Whoever’s behind the wheel of a self-driving car shouldn’t be held responsible if it crashes, according to new proposals by legal review bodies.
The Law Commission of England and Wales and the Scottish Law Commission have recommended that a clear distinction is made between features that just help drivers, such as adaptive cruise control, and those that are self-driving.
Their joint report calls for legal reforms that mean the person in the driving seat of a self-driving car would be immune from prosecution ‘if anything goes wrong’, such as speeding or running a red light.
Instead, the company or body that got authorisation for the technology – the authorised self-driving entity – would face sanctions.
The person in the driving seat would remain responsible for matters such as getting insurance, checking loads and ensuring child passengers wear seat belts.
Public law commissioner Nicholas Paines QC said Britain had an ‘unprecedented opportunity to promote public acceptance of automated vehicles’.
Scottish law commissioner David Bartos said the proposals focused on ‘ensuring safety and accountability while encouraging innovation and development’.
Transport minister Trudy Harrison said the development of self-driving vehicles in the UK could ‘revolutionise travel, making everyday journeys safer, easier and greener’.
She added: ‘This government has been encouraging development and deployment of these technologies to understand their benefits.
‘However, we must ensure we have the right regulations in place, based upon safety and accountability, in order to build public confidence.’
SMMT chief executive Mike Hawes said the Law Commissions’ recommendations would ‘put Britain in the vanguard of road safety and automotive technology, by providing a framework for the use of self-driving vehicles which could save thousands of lives’.
He added: ‘The industry welcomes the introduction of authorised self-driving entities, which can be the vehicle manufacturer, software provider or fleet operator, as the system of multiple checks and balances will give drivers confidence in the latest technology to make their journeys safer.’

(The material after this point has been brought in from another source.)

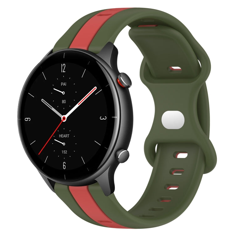 Correa de Reloj para Amazfit GTR 2E 22mm Silicona Hebilla de Mariposa (Rojo + Verde Militar)

Meanwhile, AA president Edmund King said: ‘While many technological elements of automation or automatic lane-keeping systems will bring safety benefits, we should not be encouraging drivers to take their hands off the wheel until these systems are regulated and fail-safe.’
He commented that the independent bodies were correct in distinguishing between driver-assistance features and self-driving and wanting to ensure that driver-assistance features weren’t marketed as self-driving, but added: ‘What is less clear is when such technologies can be used on the road.’
Fully driverless car are not yet legally permitted in the UK, but autonomous features are being developed by car makers.
Last April, the Department for Transport said it would allow hands-free driving in vehicles with lane-keeping technology on congested motorways, at speeds of up to 37mph.
Matthew Avery, chief research strategy officer at road safety organisation Thatcham Research, which contributed to a consultation for the report, warned that the transition to self-driving cars was ‘fraught with risk’.
He said: ‘In the next 12 months, we’re likely to see the first iterations of self-driving features on cars in the UK.
‘It’s significant that the report highlights the driver’s legal obligations and how they must understand that their vehicle is not yet fully self-driving.’
The UK, Scottish and Welsh governments will decide whether to accept the report’s recommendations.